## AIM OF THE EXERCISE
Restate all of the records below exactly. Do not carry over any image.

[Saved entries]
##########

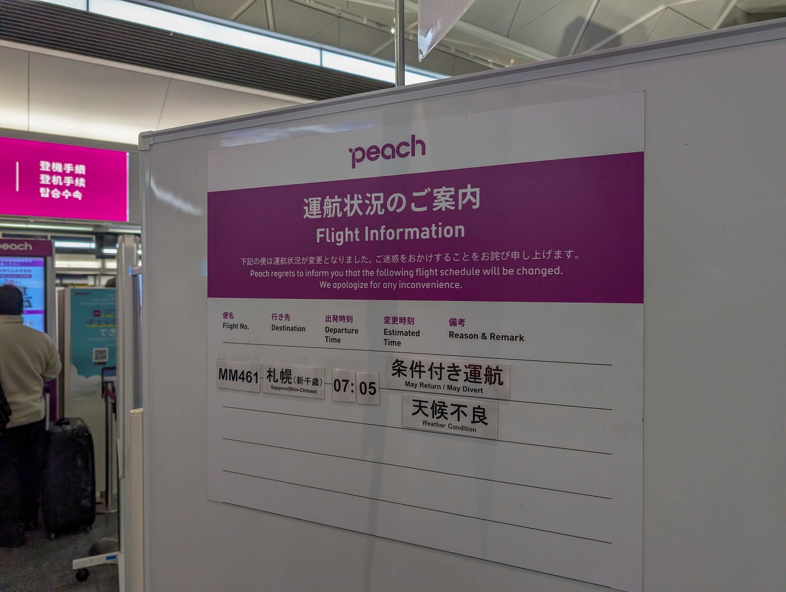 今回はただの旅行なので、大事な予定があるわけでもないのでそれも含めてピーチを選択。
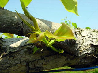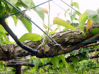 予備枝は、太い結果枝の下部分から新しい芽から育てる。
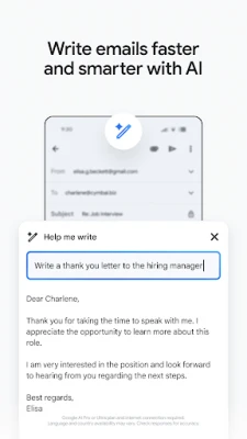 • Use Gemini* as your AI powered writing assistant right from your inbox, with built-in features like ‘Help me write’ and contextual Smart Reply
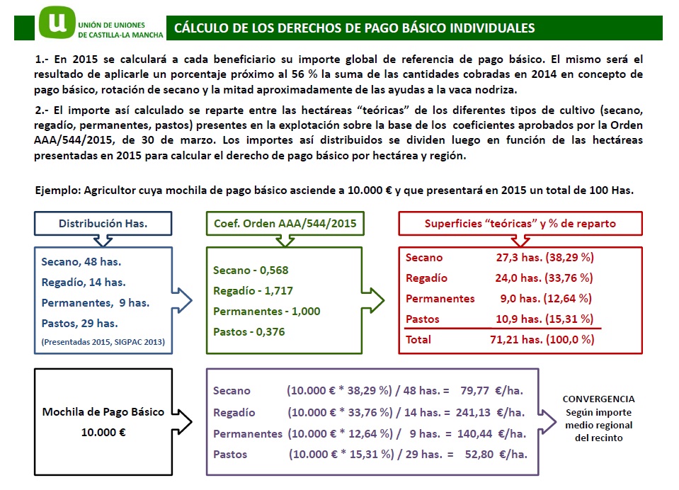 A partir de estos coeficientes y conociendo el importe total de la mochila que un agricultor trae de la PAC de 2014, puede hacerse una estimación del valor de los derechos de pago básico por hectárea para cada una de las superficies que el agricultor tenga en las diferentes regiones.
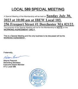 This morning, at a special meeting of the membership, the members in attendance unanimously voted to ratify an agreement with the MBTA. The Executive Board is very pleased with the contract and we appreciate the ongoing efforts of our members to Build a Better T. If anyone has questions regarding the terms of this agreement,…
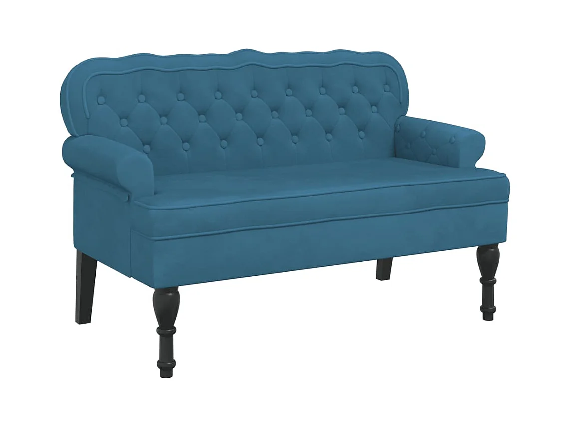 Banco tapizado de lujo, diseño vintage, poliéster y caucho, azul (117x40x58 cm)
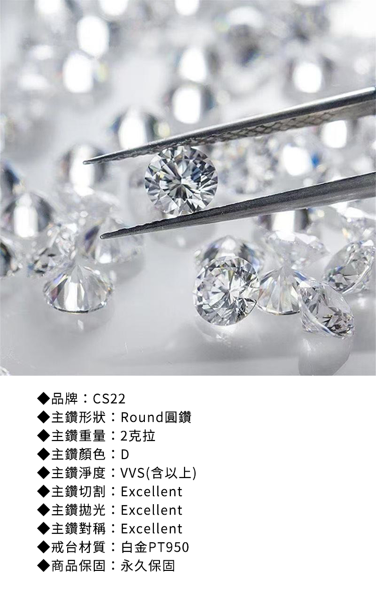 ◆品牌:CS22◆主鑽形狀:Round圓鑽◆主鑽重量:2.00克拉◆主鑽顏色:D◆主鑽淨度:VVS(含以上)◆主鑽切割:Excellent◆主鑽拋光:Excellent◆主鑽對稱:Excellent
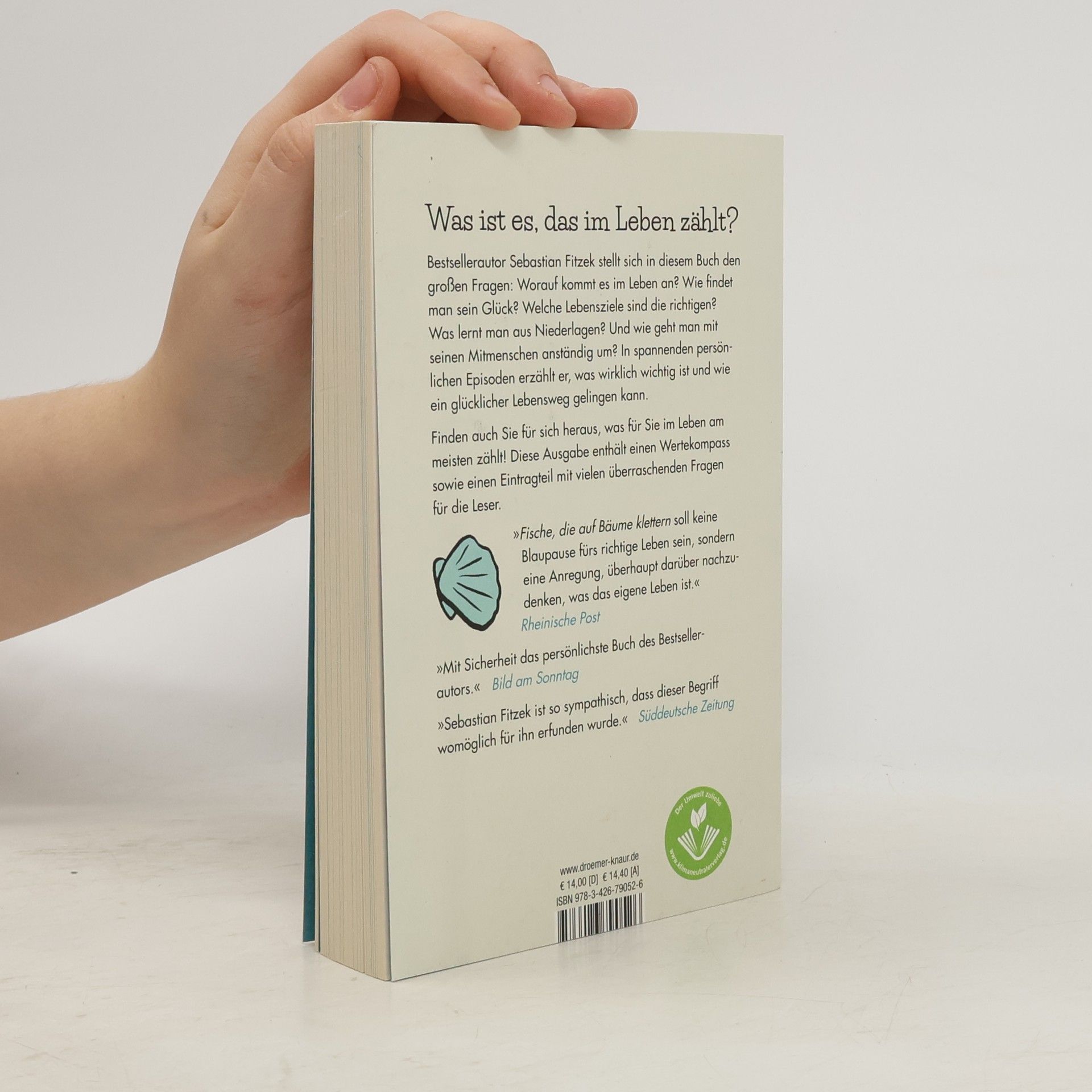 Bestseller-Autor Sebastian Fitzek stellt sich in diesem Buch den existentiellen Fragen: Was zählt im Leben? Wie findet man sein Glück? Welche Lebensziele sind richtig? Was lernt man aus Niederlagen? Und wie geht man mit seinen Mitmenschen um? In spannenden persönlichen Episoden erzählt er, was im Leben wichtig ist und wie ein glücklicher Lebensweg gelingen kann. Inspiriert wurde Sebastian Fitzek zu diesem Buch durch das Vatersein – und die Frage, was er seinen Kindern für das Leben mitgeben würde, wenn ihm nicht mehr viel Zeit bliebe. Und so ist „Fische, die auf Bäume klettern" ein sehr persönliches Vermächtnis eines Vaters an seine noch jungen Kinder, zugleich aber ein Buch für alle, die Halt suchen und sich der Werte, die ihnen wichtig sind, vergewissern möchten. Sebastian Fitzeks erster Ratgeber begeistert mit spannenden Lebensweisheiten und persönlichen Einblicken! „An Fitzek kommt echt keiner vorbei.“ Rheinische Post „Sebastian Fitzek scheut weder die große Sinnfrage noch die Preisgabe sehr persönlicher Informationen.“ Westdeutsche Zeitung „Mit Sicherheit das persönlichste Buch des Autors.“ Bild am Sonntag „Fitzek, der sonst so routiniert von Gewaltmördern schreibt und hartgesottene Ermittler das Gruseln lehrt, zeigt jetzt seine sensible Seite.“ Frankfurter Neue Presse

##########

## SOLUTION TO THIS EXERCISE
 今回はただの旅行なので、大事な予定があるわけでもないのでそれも含めてピーチを選択。
 予備枝は、太い結果枝の下部分から新しい芽から育てる。
 • Use Gemini* as your AI powered writing assistant right from your inbox, with built-in features like ‘Help me write’ and contextual Smart Reply
 A partir de estos coeficientes y conociendo el importe total de la mochila que un agricultor trae de la PAC de 2014, puede hacerse una estimación del valor de los derechos de pago básico por hectárea para cada una de las superficies que el agricultor tenga en las diferentes regiones.
 This morning, at a special meeting of the membership, the members in attendance unanimously voted to ratify an agreement with the MBTA. The Executive Board is very pleased with the contract and we appreciate the ongoing efforts of our members to Build a Better T. If anyone has questions regarding the terms of this agreement,…
 Banco tapizado de lujo, diseño vintage, poliéster y caucho, azul (117x40x58 cm)
 ◆品牌:CS22◆主鑽形狀:Round圓鑽◆主鑽重量:2.00克拉◆主鑽顏色:D◆主鑽淨度:VVS(含以上)◆主鑽切割:Excellent◆主鑽拋光:Excellent◆主鑽對稱:Excellent
 Bestseller-Autor Sebastian Fitzek stellt sich in diesem Buch den existentiellen Fragen: Was zählt im Leben? Wie findet man sein Glück? Welche Lebensziele sind richtig? Was lernt man aus Niederlagen? Und wie geht man mit seinen Mitmenschen um? In spannenden persönlichen Episoden erzählt er, was im Leben wichtig ist und wie ein glücklicher Lebensweg gelingen kann. Inspiriert wurde Sebastian Fitzek zu diesem Buch durch das Vatersein – und die Frage, was er seinen Kindern für das Leben mitgeben würde, wenn ihm nicht mehr viel Zeit bliebe. Und so ist „Fische, die auf Bäume klettern" ein sehr persönliches Vermächtnis eines Vaters an seine noch jungen Kinder, zugleich aber ein Buch für alle, die Halt suchen und sich der Werte, die ihnen wichtig sind, vergewissern möchten. Sebastian Fitzeks erster Ratgeber begeistert mit spannenden Lebensweisheiten und persönlichen Einblicken! „An Fitzek kommt echt keiner vorbei.“ Rheinische Post „Sebastian Fitzek scheut weder die große Sinnfrage noch die Preisgabe sehr persönlicher Informationen.“ Westdeutsche Zeitung „Mit Sicherheit das persönlichste Buch des Autors.“ Bild am Sonntag „Fitzek, der sonst so routiniert von Gewaltmördern schreibt und hartgesottene Ermittler das Gruseln lehrt, zeigt jetzt seine sensible Seite.“ Frankfurter Neue Presse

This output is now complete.